Part 1: Environment Replication with Lambda
In several business situations once a technical architecture has established a strong sense of functionality, an architectural reassessment should be implemented to reevaluate several key variables which can affect extensibility, modularity, and usability.
For example, in the immediate timeframe certain technical implementations solve the identified functional problems but fail in the immediate identification of an extensible, modular, and useable system. Take the below diagram as an example.
As you can see from the above diagram, the development team is small and the application is owned by a small amount of people and can be deployed by a few amount of people, very quickly. This solves the immediate problem of providing functionality to a user base and growing your user engagement. The problem with this implementation is that it doesn’t account for the following problems you will reach as your technology team grows.
- How do you replicate your production environments for developers?
- How do you delegate application responsibility to sub-organizations in your larger technology team?
- How do you account for future growth in cost?
- How do you optimize for optimal utilization of resources?
These are just a few problems that arise from the transition of a monolithic implementation to a micro-services implementation that can leverage Lambda to assist with your infrastructure. Let’s first address environment replication, so you have on boarded a new engineer and he was not a part of the core development team and has very little understanding about the existing architecture and application.
It is a very bad idea to give a new untested engineer the capacity to access your production resources without properly assessing their skills and ability to understand your architecture in a very technically visceral way.

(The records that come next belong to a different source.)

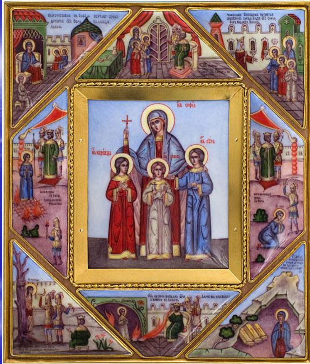
Народные обычаи и приметы в день мучениц Веры, Надежды, Любви и матери их Софии
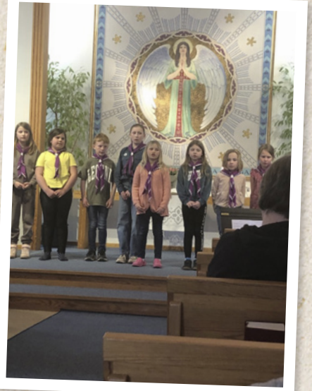
Scoutinvigning i Rickarum den 2 april.
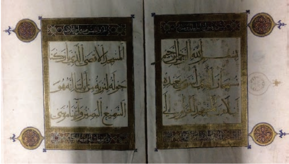
Resim 4. Kur'an cüzü, hattat: Ali b. Muhammed Zeyd b. Muhammed, Musul 1306-7, TSK, E.H. 232, y. 1b-2a (Atbaş, 2019, fig.6).

İç kapaklar kâğıt kaplıdır. 1a yaprağında Sultan III. Osman'ın (1754-57) vakıf mührü basılıdır. Altınla ve muhakkak hatla yazılmış olan 61 yapraklık bu eser, özgün cildinin yanı sıra, Kur'an yazımcılığının gelişimine ışık tutan yazımıyla da önemlidir (Resim 4). Altın ağırlıklı geometrik tezhiplerle süslü bu Kur'an cüzlerinin hattatı tarafından tezhiplendiği ve Ölceytü Hüdabende'nin kendi türbesi için hazırlattığı düşünülmektedir. 7
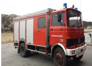
Lekkasje i høytrykkspumpa er avdekket
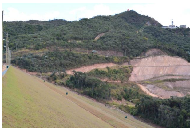
Foto 04: Vista do talude de jusante da barragem com pontos de monitoramentos automatizados.
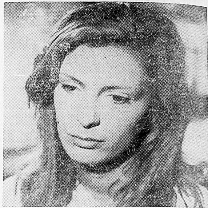
Andrée Debar, l'émouvante interprète du film "Les Mauvents" qui prendra l'affiche dès samedi, au Cinéma de Paris. En programme double : "Le Trésor des Pieds Nicklés", avec Rellys, Maurice Baquet et Jean Paredès.
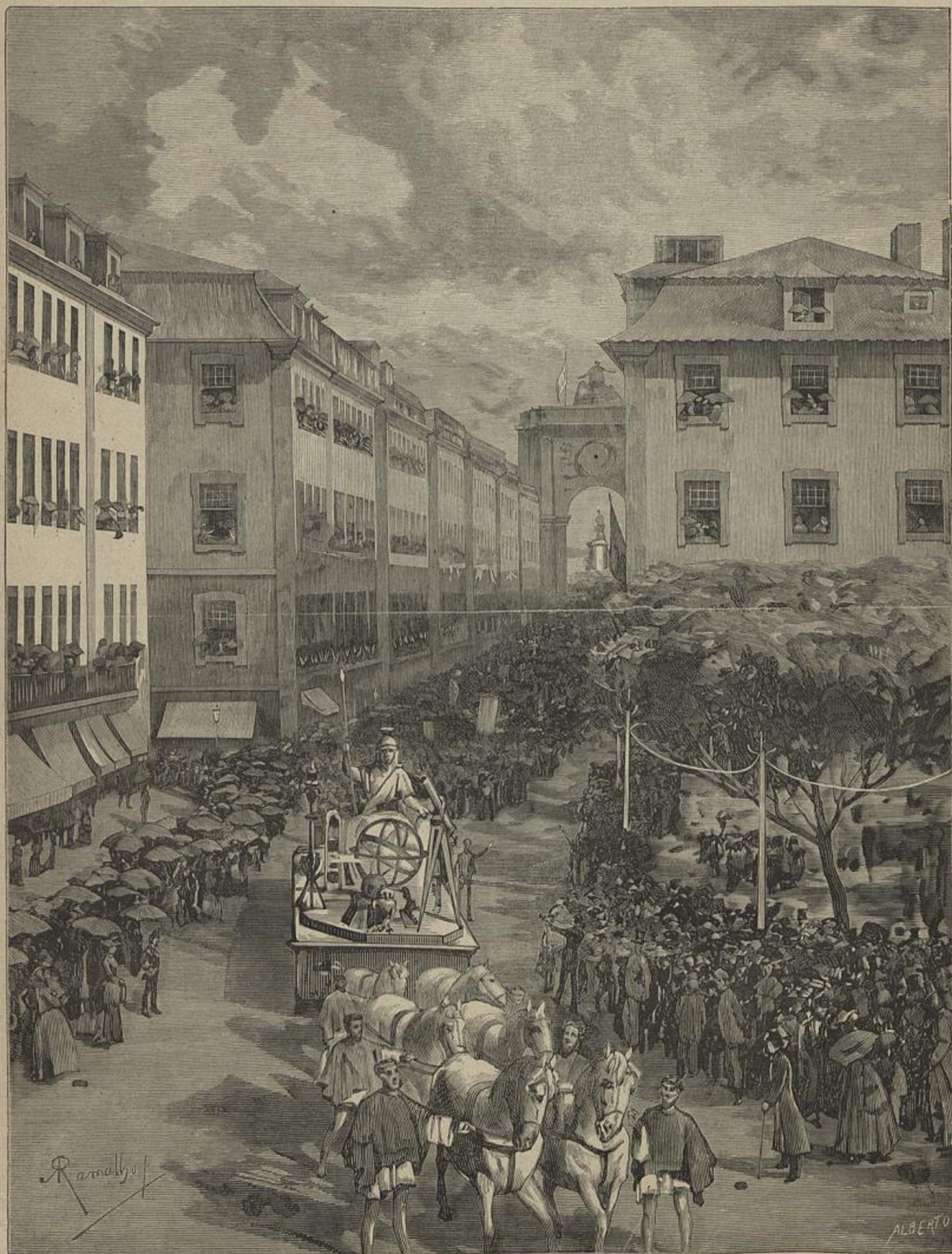
A PROCISSÃO CIVICA DESFILANDO NA PRAÇA DE D. PEDRO (8 de maio de 1882) (Desenho de A. Ramalho)
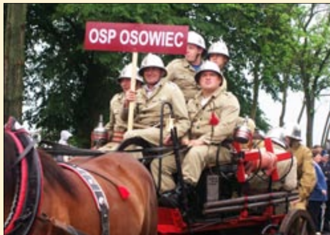
Z życia OSP Osowiec.
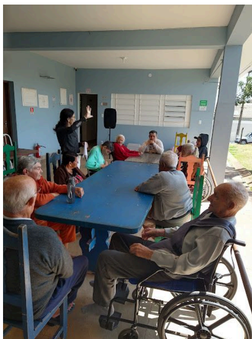
Equipamentos de áudio – utilizado durante mais um grupo de convivência com os idosos – 26/09/2025
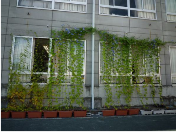
本舎の東面に緑のカーテン (ゴーヤ、あさがお)

先生：視覚的にも、感覚的にも涼しく感じ、緑があることの大切さと同時に温暖化への危機感も再認識しました。来年度は、規模を拡大し、環境の授業との関連も考えながら実施したい。
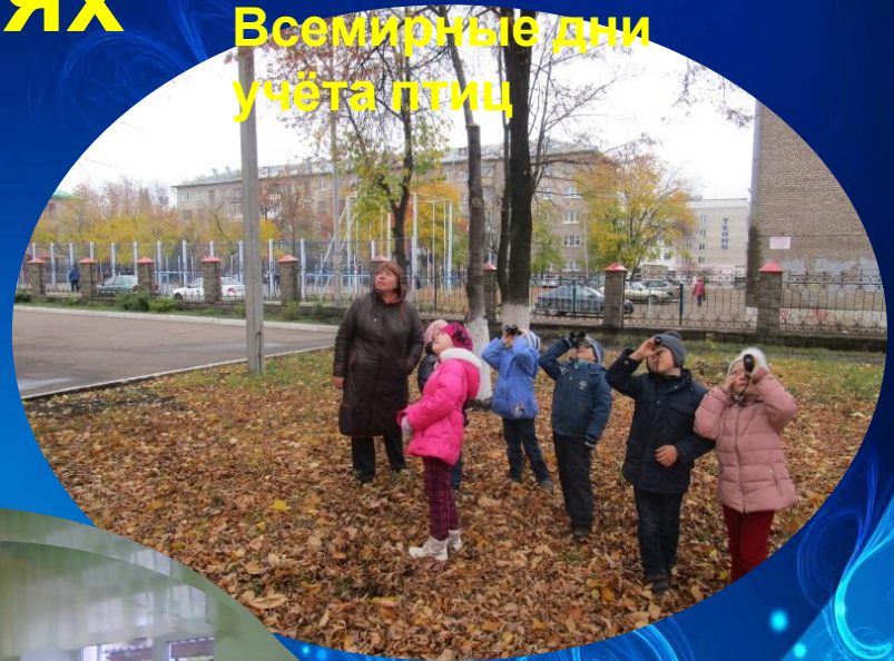
Всемирные дни учёта птиц
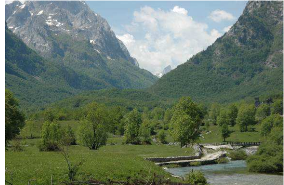
Abbildung 16: Am Weg von Vusanje Richtung albanischer Grenze auf etwa 900m.

Die nächsten Tage verbringe ich in der nächsten Umgebung von Gusinje und Vusanje auf der Suche nach der Urmotte Micropterix jeanneli .
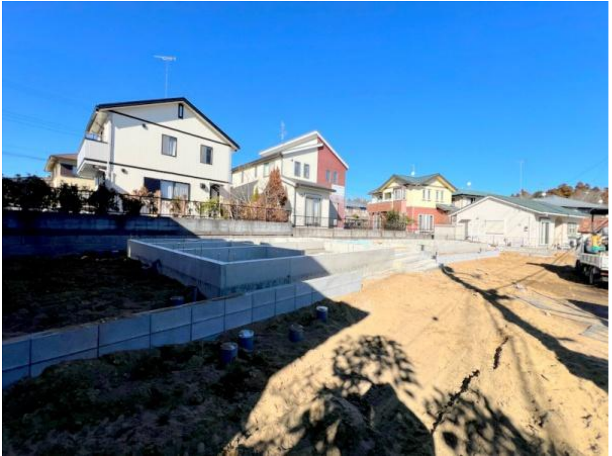
1号棟 4LDK ■敷地面積/204.44㎡(61.84坪) ■延床面積/98.82㎡(29.89坪)
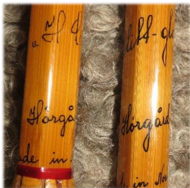
Bambus var Hørgårds foretrukne stangmateriale helt op til 1980'erne. Her små detaljer på to splitcanestænger fra halvtredserne og firserne. Man kan ikke sige Hørgård uden også at sige splitcane.

ham i 1934, at fremstille sin første splitcanestang af gamle bambuskistave med en maskine, han havde opfundet, som med dele fra en cykel kunne høvle trekantede tonkinsplitter!
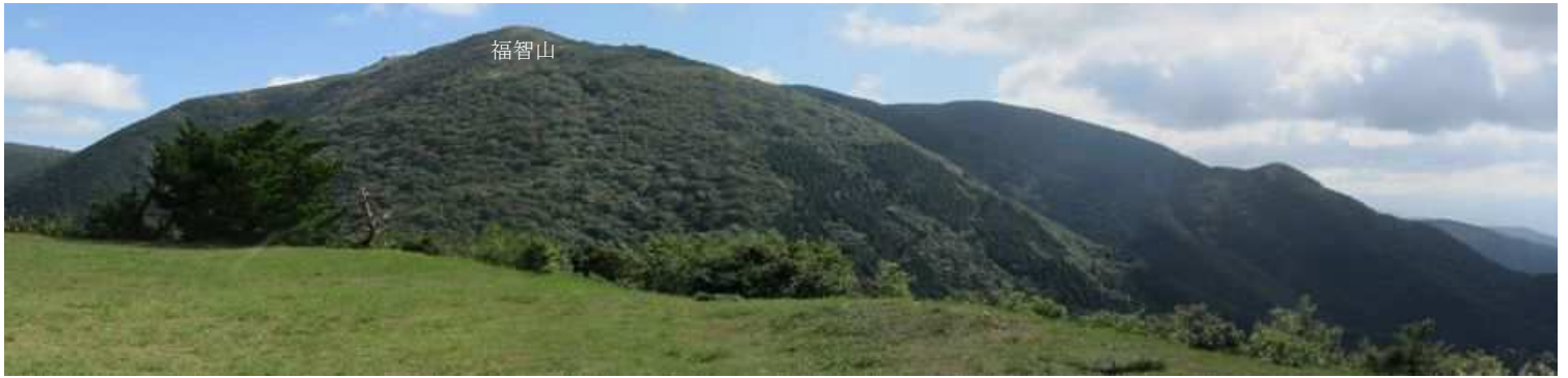
鷹取山から東に福智山を望む。
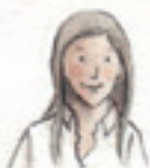
die Mama mama
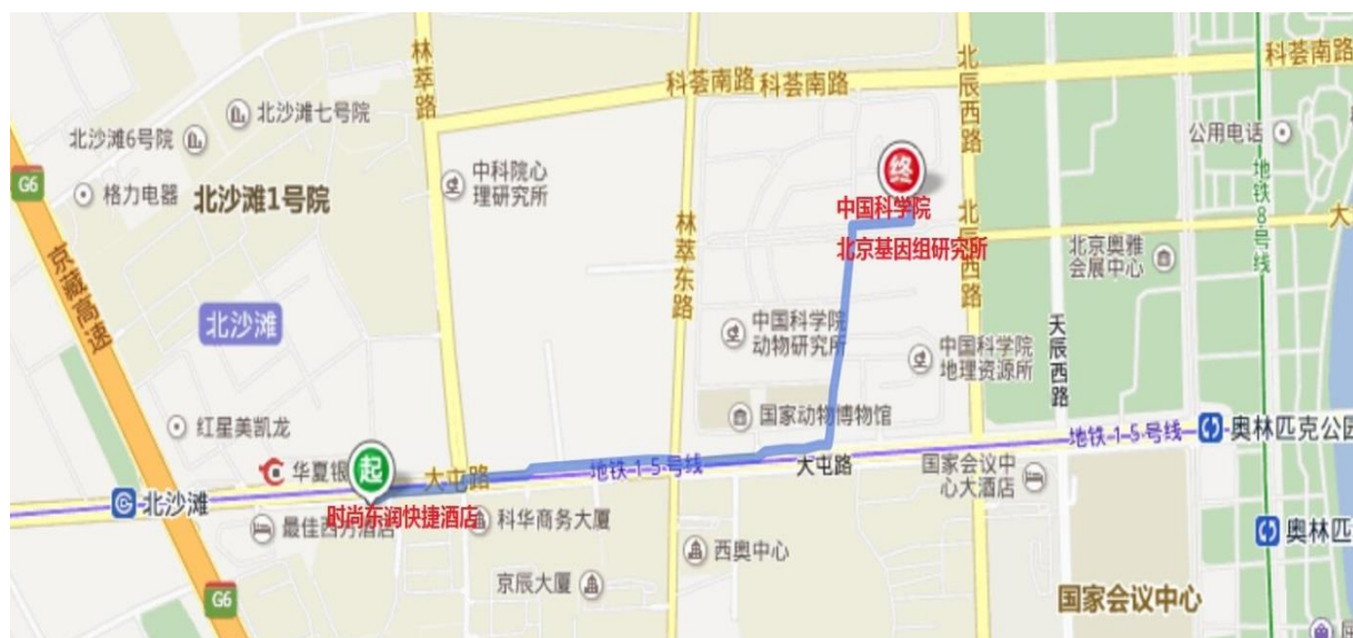
时尚东润快捷酒店位置图

公交站： 北沙滩桥东，途经 425 路；484 路；518 路；594 路；607 路；617 路；695 路；751 路；特 13 路；特 15 路；夜 14 路；运通 110 线。
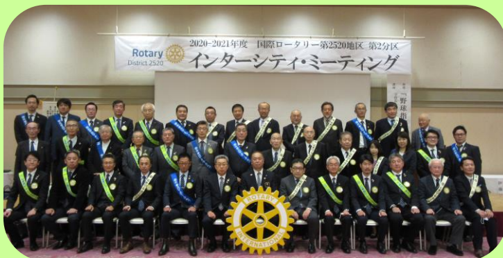
花巻 3 RC 合同記念写真

A better architectural technique would be to give the new engineer his own account, with federated access to the production account, and then utilize a lambda function to replicate the entire production site to their account. The below diagram depicts the architecture visually.
Now this architecture allows you to leverage and control your production AWS account and authorize and control the new developers AWS account. As the developer generates more products that go into production delegate out more and more access to the production account. If you start transitioning your developers to owning their own AWS account they have the freedom to explore on several of the products that AWS offers, and if you are already fully vested in AWS then there is no barrier to empowering your developers to expand upon the products and current features of existing products.